Joy Kennedy-O’Neill’s stories have been published in Nature, New Flash Fiction Review, Flash Fiction Online, the Cimarron Review, and Strange Horizons, among others. Joy lives on the Texas Gulf coast and teaches English for Brazosport College, where her husband teaches math. They live on a small pond, in a small house, with two not so small cats. She enjoys clogging, cheese, and sincere awkwardness. More of her work can be found at JoyKennedyOneill.com.

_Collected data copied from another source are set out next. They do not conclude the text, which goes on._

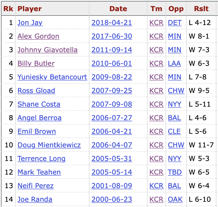 The Royals offense, scuffling for the last week-plus, did just enough to secure the win. The first two runs came courtesy of Carlos Santana—a sacrifice fly in the first and a ground out in the third. Santana is the third Royal since 2012 to tally two RBI without the benefit of a hit or a walk. The list of Royals who have done this since the turn of the century is quite a rogues gallery.
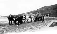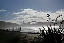 A jetty, the remains of which characterise the low tide landscape, would run out into the surf to lighters that would ferry passengers and valuable cargo to and from the freighters. Wool was loaded onto lighters by bullock train. Several ships have been lost in the Akitio bay, including the Peladies (1,020 tonne) in 1899,[3] parts of which can still be found at low tide or scattered around local historic landmarks. The beach remains a popular attraction for surfers and fishermen alike.
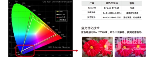红光占比达到10%,更饱和的色彩表现。大部分激光拼墙红光占比只有7%不到,红色画面表现暗淡。基于ALPD技术,光峰激光拼墙的红光占比达到10%,达到TI推荐的颜色表现标准,因此图像表现更真实。

John Krumberger has published in such magazines as Great River Review, Comstock Review, Rhino, Another Chicago Magazine, Artful Dodge and others. In 2008 Backwaters Press published his first full-length volume of poetry entitled ‘The Language of Rain and Wind.’ His latest volume of poems entitled ‘Because Autumn’ was published in 2016 by Main Street Rag Press. He lives with his wife in Minneapolis and works as a psychologist in private practice in St. Paul.

Donald Levering’s newest book, Previous Lives, was released in September 2018 by Red Mountain Press. His previous book, Coltrane’s God, was Runner-Up for the New England Book Festival contest. The Water Leveling with Us placed second in the 2015 National Federation of Press Women Creative Verse Competition. He is a former NEA Fellow and won the 2014 Literal Latté award and the 2017 Tor House Robinson Jeffers Prize. More information is available at donaldlevering.com.

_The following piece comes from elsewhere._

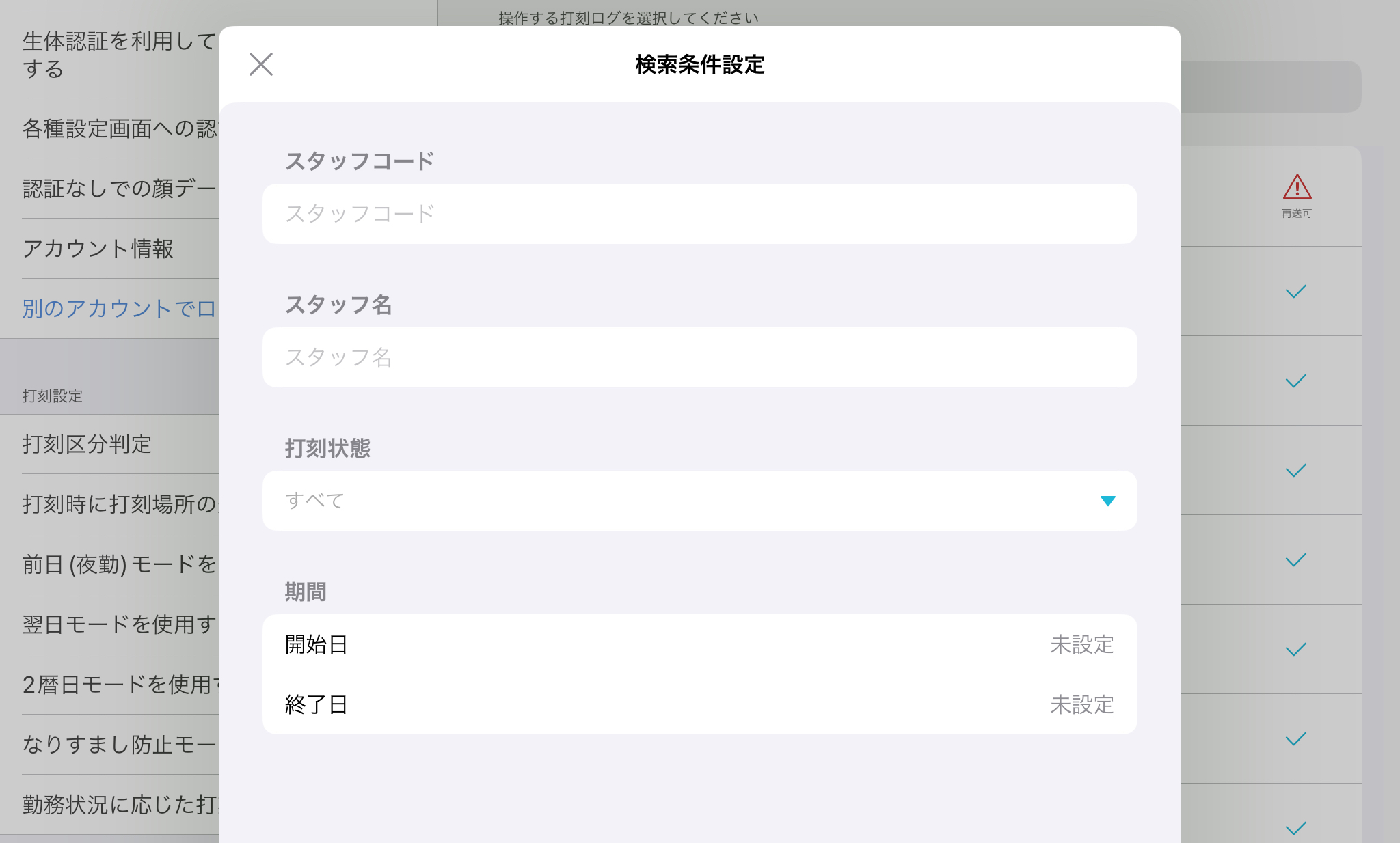 検索条件設定では、フリーワード検索よりも詳細な情報を指定して打刻ログを絞り込めます。

William Miller’s sixth collection of poetry, Recovering biker, was published by The Edwin Mellen press this fall. His poems have appeared in many journals, including The southern Review, the Penn review, Shenandoah, Prairie Schooner and West Branch. He lives and writes in the French Quarter of New Orleans.

Dot-tee Ratliff is a self-taught folk artist who has resided along the bayou in Chauvin, Louisiana, her entire life. She still gets excited when a shrimp boat passes at night with the music playing and the lights on. Find her on Facebook at Art Gecko: The Art of Dot-tee Ratliff.   

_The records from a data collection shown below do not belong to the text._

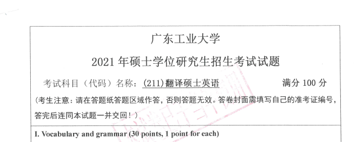 考研学习中,专业课占的分值较大。报考院校专业的考研专业课真题是专业课复习中必不可少的资料。聚创广东工业大学考研陈老师为大家整理了2021年广东工业大学(211)翻译硕士英语考研真题(完整版),并且可以提供广东工业大学考研专业课辅导,希望更多考生能够在专业课上赢得高分,升入理想的院校。
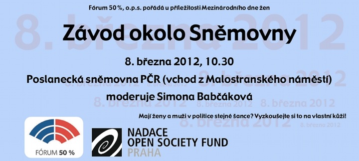 Stejně jako v roce 2008 zde proběhne symbolický závod kolem Sněmovny. Cílem happeningu je upozornit na nedostatečné zastoupení žen v české politice. Závodit se bude o místa na kandidátkách.
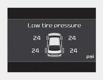 You can check the tire pressure in the information mode on the cluster. - Refer to “User settings mode” in chapter 4. Tire pressure is displayed 1~2 minutes after driving.
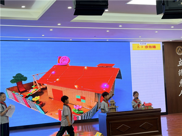 “今天,我们二年级的同学们用一双双巧手,把普通的平面图形——长方形、正方形、三角形、圆形,通过折、卷、粘,变成了一个个神奇的蜗牛的家。”小主持人们宣布二年级数学学科活动正式开始!

Jenn Powers is a writer and visual artist from New England. She is currently working on a psychological thriller. She has work published or forthcoming in Spillway, Thin Air, The Pinch, Jabberwock Review, and Calyx, among others. Please visit www.jennpowers.com

Kimberly Povloski is a poet from Houston, Texas. She currently resides in the state of Washington, where she is studying creative writing (poetry) at Eastern Washington University’s MFA program.

Born in France and educated in Paris, Jean-Mark Sens has lived in the American South for over twenty five years, and recently moved to Bucksport ME at Saint Elizabeth of Hungry to work with Franciscans as a postulant. He has published poems in magazines in the U.S. and Canada, and a first collection, Appetite, with Red Hen Press.

Emilie Staat wrestled with a novel for more than a decade and has now returned to her film industry roots, writing a sitcom. Her essay “Tango Face” won the Faulkner-Wisdom nonfiction prize in 2012 and her essay “Holding on When I Should’ve Let Go” was published in Et Alia’s Scars Anthology in 2015. She lives in New Orleans.

Eleanor Stern is a writer and student from New Orleans currently based in New York.

John Sibley Williams is the author of As One Fire Consumes Another (Orison Poetry Prize, 2019), Skin Memory (Backwaters Prize, 2019), Disinheritance, and Controlled Hallucinations. A nineteen-time Pushcart nominee, John is the winner of numerous awards, including the Philip Booth Award, American Literary Review Poetry Contest, Phyllis Smart-Young Prize, The 46er Prize, Nancy D. Hargrove Editors’ Prize, Confrontation Poetry Prize, and Laux/Millar Prize. He serves as editor of The Inflectionist Review and works as a literary agent. Previous publishing credits include: The Yale Review, Midwest Quarterly, Southern Review, Sycamore Review, Prairie Schooner, The Massachusetts Review, Poet Lore, Saranac Review, Atlanta Review, TriQuarterly, Columbia Poetry Review, Mid-American Review, Poetry Northwest, Third Coast, and various anthologies. He lives in Portland, Oregon.